Music Business Internships: Information for Students

Music Business Internships: Information for Students

Students in Music Business are required to complete internships during their program. Graduate (MA) students start to intern in their second semester, and eligible undergraduate (BM) students can intern as early as their sophomore year. Internships are an essential part of the Music Business Program because in addition to providing valuable hands-on experience that enhances our curriculum, students establish a network of professional contacts that may lead to permanent employment. Music Business students often intern for, and are mentored by, alumni of the program. 

Current internships include placements at technology and digital companies; publicity, branding, and marketing firms; music publishers; performance venues; music broadcasting organizations; music producers and music providers to film and television; record companies; talent management companies and booking agencies; and festival, venue, concert, and event promoters.

By prior arrangement, students may be able to intern in the summer semester outside of New York City, in the United States. Undergraduates who study abroad for a semester may be able to intern in their abroad locations through a third party (as elective credit, not fulfilling the program requirement). For more information on student internships, Music Business majors should refer to the Internship Manual for full details.

NYU undergraduate students who are juniors or seniors and not majoring in Music Business may apply to take a Music Business internship using this form, provided that they have taken the Business Structure of the Music Industry course (MPAMB-UE100). Graduate NYU students who are not Music Business and have completed one Music Business course may apply for an internship using this form.

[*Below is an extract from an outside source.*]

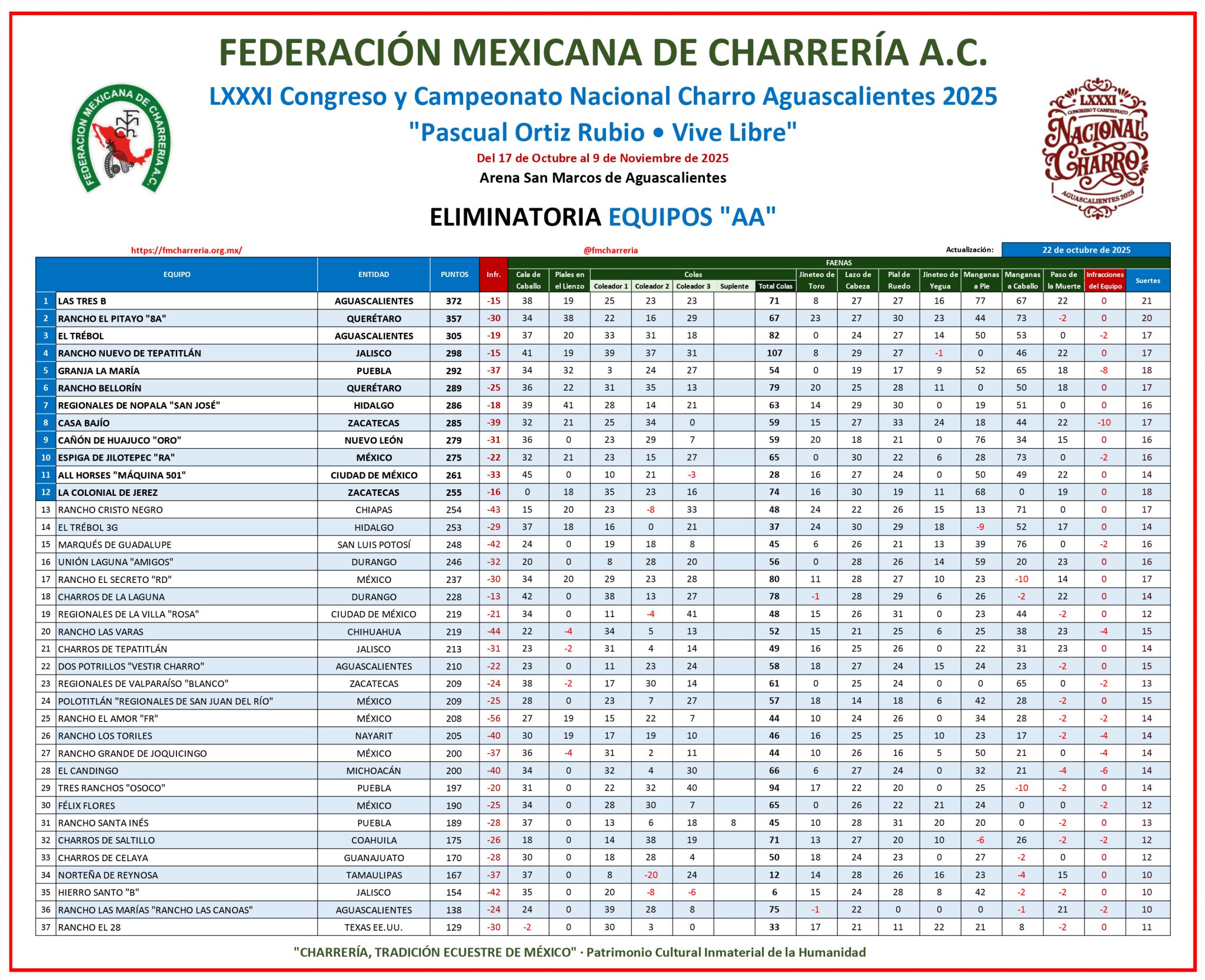 Han concluido seis jornadas de actividades del LXXXI Congreso y Campeonato Nacional Charro Aguascalientes 2025 “Pascual Ortiz Rubio – Vive Libre” que se desarrolla en la Arena San Marcos de la capital hidrocálida, y poco a poco van tomando forma los cuadros de semifinalistas que accederán a la siguiente ronda, tanto en charros como en las escaramuzas.
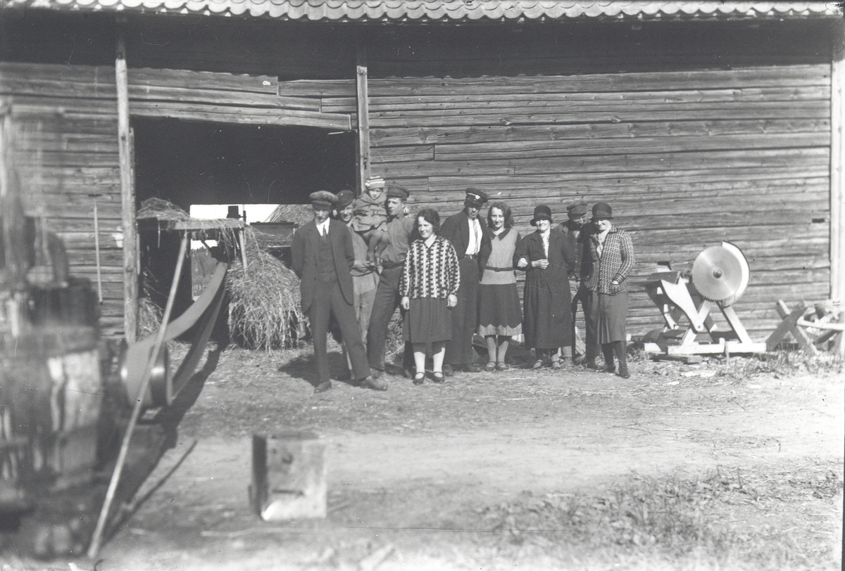 Familj och gårdsfolk på lagårdsbacke med höfläkt. Till höger en vedkap.

Our e-mail contact is Program Director Larry Miller

What NYU Steinhardt Music Business students are saying about their internship experiences:

  • “I gained knowledge through interaction and observation how a small indie label runs. Now I can take that knowledge and apply it to how I want to run my own label.”
  • “I got real life, hands-on experience in all aspects of the company. I've spoken with everyone from artists to managers to producers to lawyers and have been included in almost everything that has gone on around me.”
  • “The most rewarding aspect of my internship was to start working and realize I have learned a lot during my time in the Music Business Program. I felt at ease during office meetings and knew that I can contribute to the conversation and the work. I realized I know more than most people in the company about music business related issues.”
  • “The knowledge from my classes in Music Publishing, Music in the Media Business, Business Structure, and Music Theory were extremely applicable. My textbooks, including those from Artist Management and Management Science, were useful.”